### [The task]
The lines from the one containing "4. АФК начинают" through the final line of the listing below are what the answer must repeat, exactly and only, leaving pictures out.

Provided data: Begin

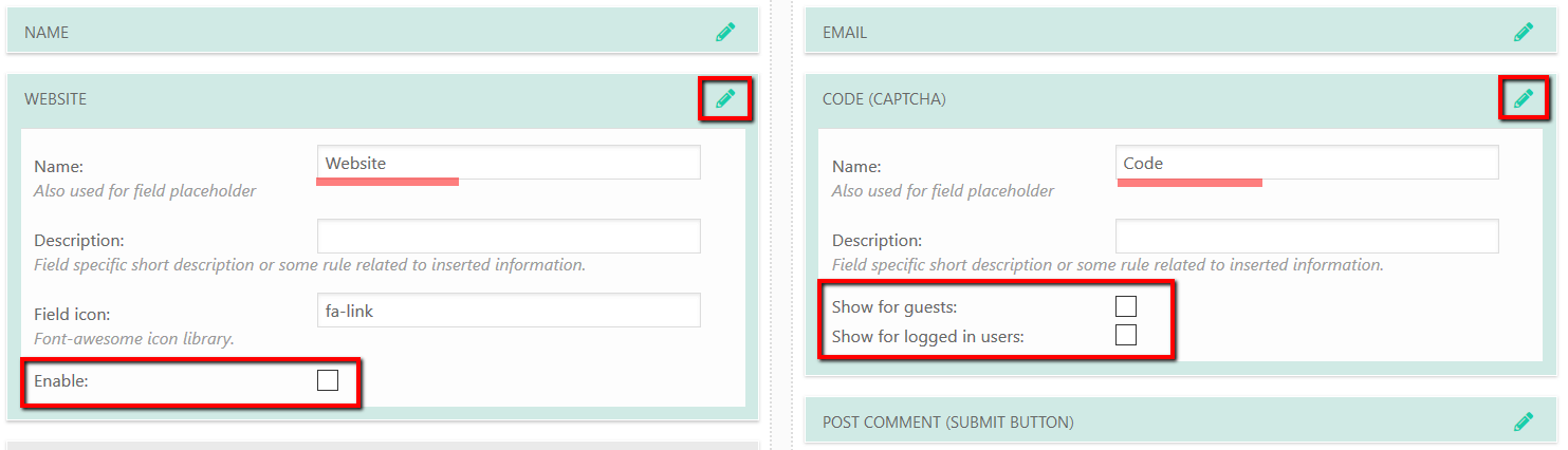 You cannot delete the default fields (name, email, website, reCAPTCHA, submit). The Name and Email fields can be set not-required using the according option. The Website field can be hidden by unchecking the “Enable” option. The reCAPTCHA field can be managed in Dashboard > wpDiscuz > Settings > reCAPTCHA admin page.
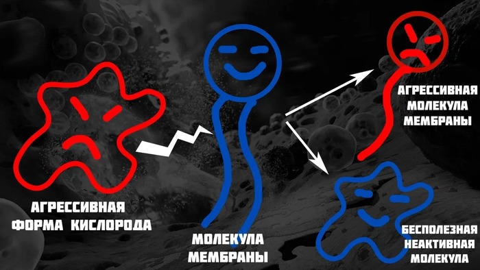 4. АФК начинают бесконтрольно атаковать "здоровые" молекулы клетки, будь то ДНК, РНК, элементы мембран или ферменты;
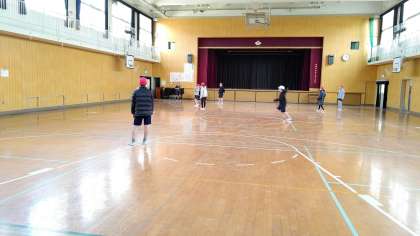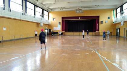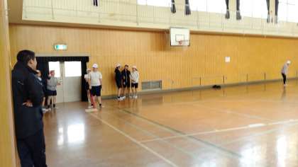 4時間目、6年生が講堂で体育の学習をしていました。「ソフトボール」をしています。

Provided data: End

### [Reply]
 4. АФК начинают бесконтрольно атаковать "здоровые" молекулы клетки, будь то ДНК, РНК, элементы мембран или ферменты;
 4時間目、6年生が講堂で体育の学習をしていました。「ソフトボール」をしています。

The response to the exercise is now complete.